The Golden Circle memperluas skala mitologi franchise-nya dengan memperkenalkan “sepupu” dari agensi Kingsman kita yang berkamuflase sebagai toko jas di Inggris yaitu Statesman, agensi mata-mata Amerika yang bermarkas di pabrik penyulingan miras. Pertemuan ini bermula ketika markas Kingsman dibombardir oleh penjahat. Semua agen Kingsman tewas, kecuali Merlin (Mark Strong) dan Eggsy yang kebetulan sedang pacaran dengan putri Swedia (Hanna Alstrom) yang diselamatkan (dan di*uhuk*) di film pertama. Keduanya lalu berangkat ke Kentucky lalu berjumpa dengan Statesmen yang terdiri dari agen bernama-kode miras diantaranya Tequilla (Channing Tatum), Ginger Ale (Halle Berry), Whiskey (Pedro Pascal), dan sang bos Champagne (Jeff Bridges).

Sayang film ini seakan tak mampu move on dari film pertamanya. Film keduanya turut mengusung formula yang sama, salah satunya karakter villain yang hampir mirip dengan film pertamanya. Jika di film pertama ada Valentine yang ditemani Gazelle, manusia berkaki robot. Di film kedua muncul karakter Poppy yang ditemani Charlie, manusia bertangan robot. Dua-duanya bahkan punya tipikal karakter yang sama-sama psycho dan terobsesi menguasai dunia. Kekurangan lain ada beberapa teknologi CGI yang masih kasar dan juga jalan cerita yang mudah ditebak.

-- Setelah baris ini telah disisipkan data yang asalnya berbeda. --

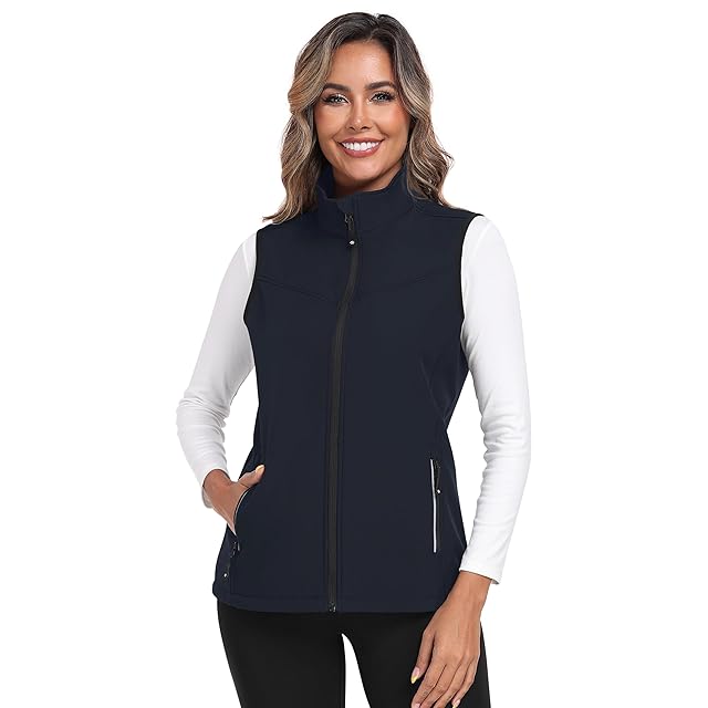 [MoFiz] レディース ソフトシェルベスト ノースリーブ 防水 防風 透気 アウトドア ゴルフ ウェア 通勤対応 カジュアルジャケット 女性用 反射プリント 多機能ポケット 春 秋 冬
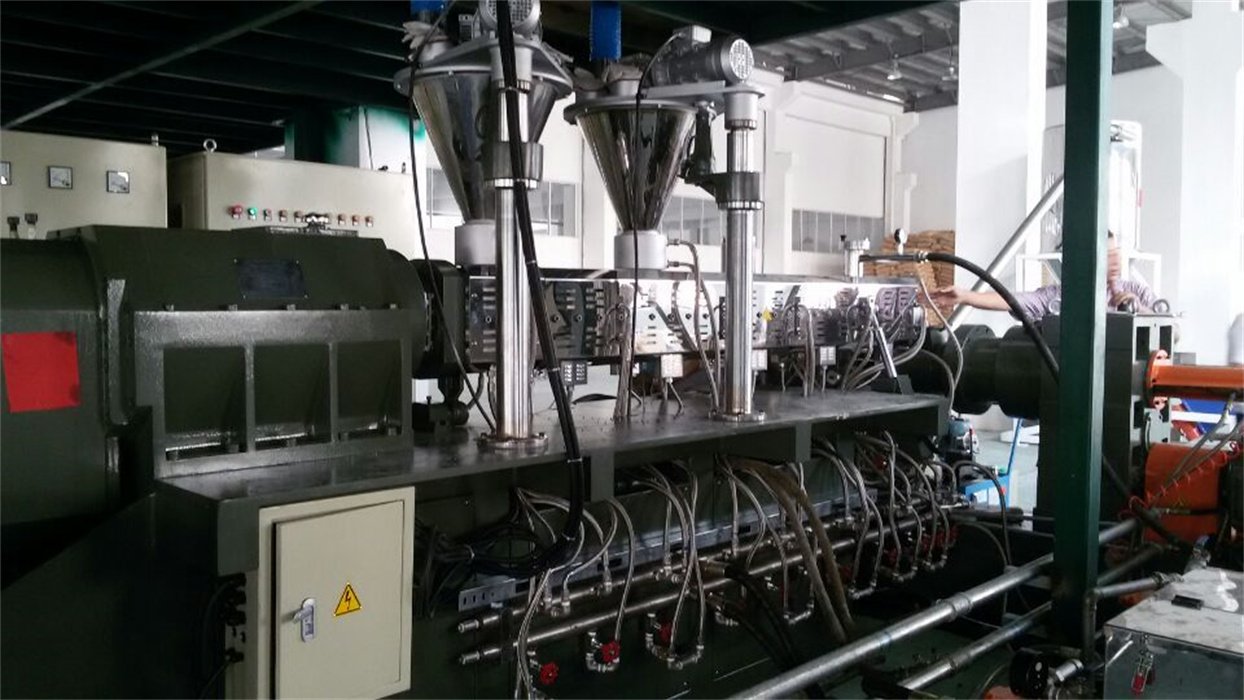高混机----螺旋自动上料机------双螺杆造粒机----------单螺杆造粒机--------挤出模具

Meski begitu Kingsman: The Golden Circle tetap punya daya tarik yang mumpuni. Kita akan dibuat gemas melihat aksi Eggsy sebagai agen mata-mata dengan kemampuan yang lebih profesional dibanding film pertamanya. Selain itu penampilan aktor-aktor pembantu seperti Pedro Pascal dan Channing Tatum cukup mampu menghidupkan film dengan sentuhan Western.

The Golden Circle juga masih menyuguhkan hal-hal futuristik yang tidak bisa lepas dari film ini seperti penggunaan senjata-senjata canggih yang disamarkan dalam bentuk payung, koper, bolpoin, lasso, dan masih banyak lagi yang pastinya sangat lekat dengan ciri khas film Kingsman.